Inner Conflicts in Twain’s “Adventures of Huckleberry Finn” Essay

August 29, 2022 by Essay Writer

Updated: Dec 30th, 2020


In his book “Adventures of Huckleberry Finn”, Mark Twain portrays the way society instills morals to its people in a satirical manner. These morals are indented and therefore the author uses the book to highlight the evils that are in the society. Huck, the key character in the book, brings the collision of a sound heart and a deformed conscience, a conflict well illustrated through the theme of racism, civilized society, and slavery among others.

The conflict between character and conscience

A character-conscience conflict stands out well in Twain’s masterwork. Huck rejects the morals of society because he does not understand why society cannot come to his rescue by protecting him from his cruel father who is good for nothing drunkard. The circumstances that bewilder Huck force him to stay with a widow, a thing that he does not like, though he stays there anyway. He is in continuous conflict with himself.

Furthermore, the author illustrates Huck’s beliefs towards religion and Christianity in a satirical way. In a conversation, he responds by saying that he would like to be in hell to have a change (Twain 27). He, therefore, misunderstands the concepts of religions although his motives are not bad. He follows his ways as opposed to those of the society, indicating the level of his character-conscience conflict.

The author also presents Huck as a clever and a person who does not like harming or offending his colleagues. He never associates with liars and fraud people and therefore avoids them to have his peace (Twain 32). However, on realizing the risk that Jim is in, he makes up his decision and allows him in, to ensure that nothing bad happens to him. Tom Sawyer serves as the epitome of illustrating these conflicts.

The idea of sound heart-conscience conflicts stands out well, like Tom Sawyer, the most notable character reveals. The student is involved in several issues, the first incidence being where he whitewashes the fence as a punishment from his mother. He intentionally tricks his colleagues to assist him in the job. He knows the trick whereas the colleagues think that they are doing the job for fun. The boys do the job with a kind heart arousing Sawyer’s conflicts with himself for hiding the truth from his colleagues. Furthermore, the turn of events in Sawyer’s love with Becky illustrates a character-conscience conflict.

The two parties fall in love entering into courtship, a relationship that breaks as soon as Sawyer abuses his lover (Twain 45). Despite the break, Sawyer fights with his conscience, as he knows well that he ought to marry, a case that forces him to reconcile with Becky thereby continuing with their love affairs. Also, instances of conflicts stand out where Sawyer and Finn see bad Joe murder doctor Robinson while visiting the graveyard.

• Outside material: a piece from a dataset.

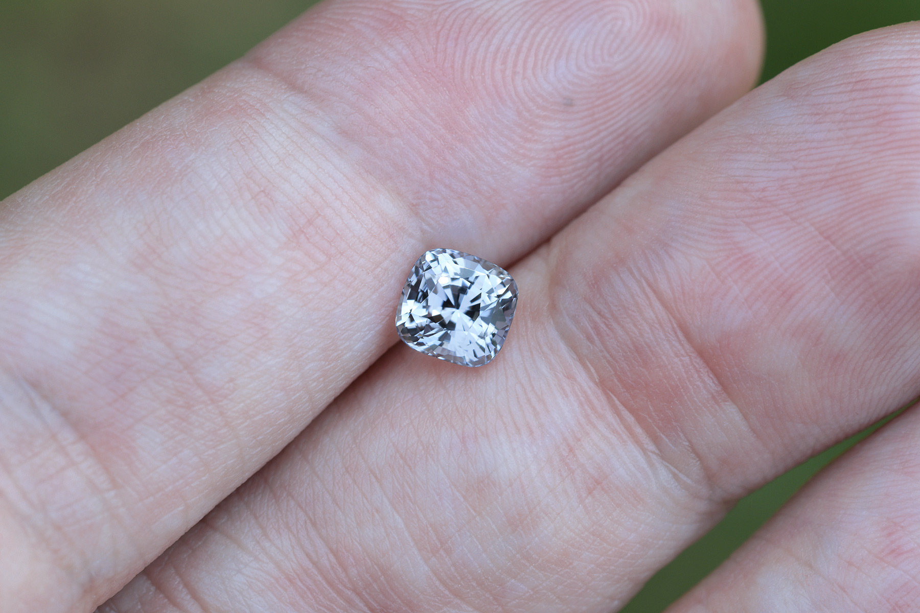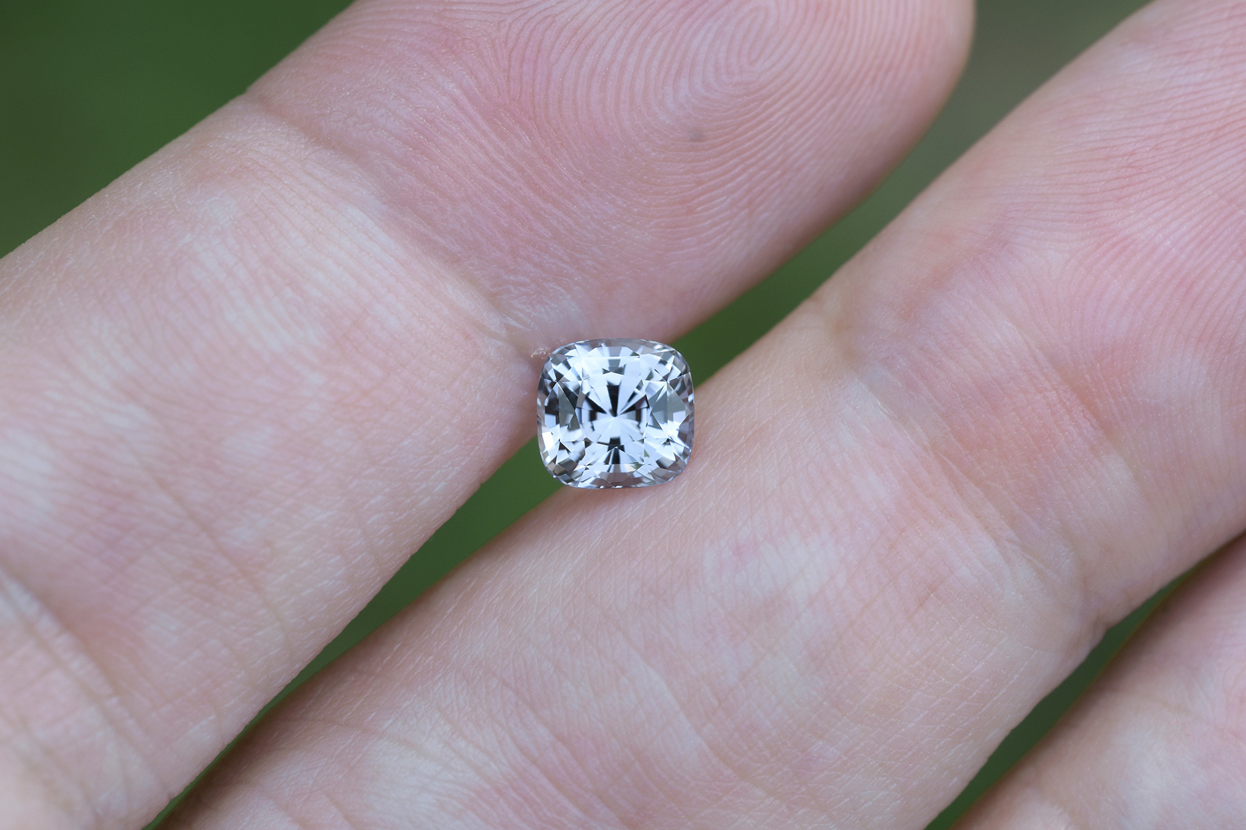 The slight silk in this unheated white sapphire gives it a very pleasant ‘soft’ look that helps it light up well both indoors and outdoors and its well made cut ensures it never looks dull, extinct or dim.

Upon the discovery of the murder, Joe blames Muff for the killing, a scenario too heavy for Sawyer to bear. Following his piling inner fights, he and his friend Huck decide to escape becoming pirates. His mother’s conscience tells her that they are already dead and therefore prepares for their funeral.


However, Sawyer and his colleague show up, and following a serious character-conscience conflict on whether to reveal or conceal the murder, Sawyer gradually gains the courage to testify on the murder against Joe. Twain therefore successfully shows how a sound heart collides with a deformed conscience, a situation that forces people like Sawyer to speak their minds thereby doing as per their hearts’ demand.

Works cited

Twain, Mark. Adventures of Huckleberry Finn. Oxford: Oxford University Press, 2004.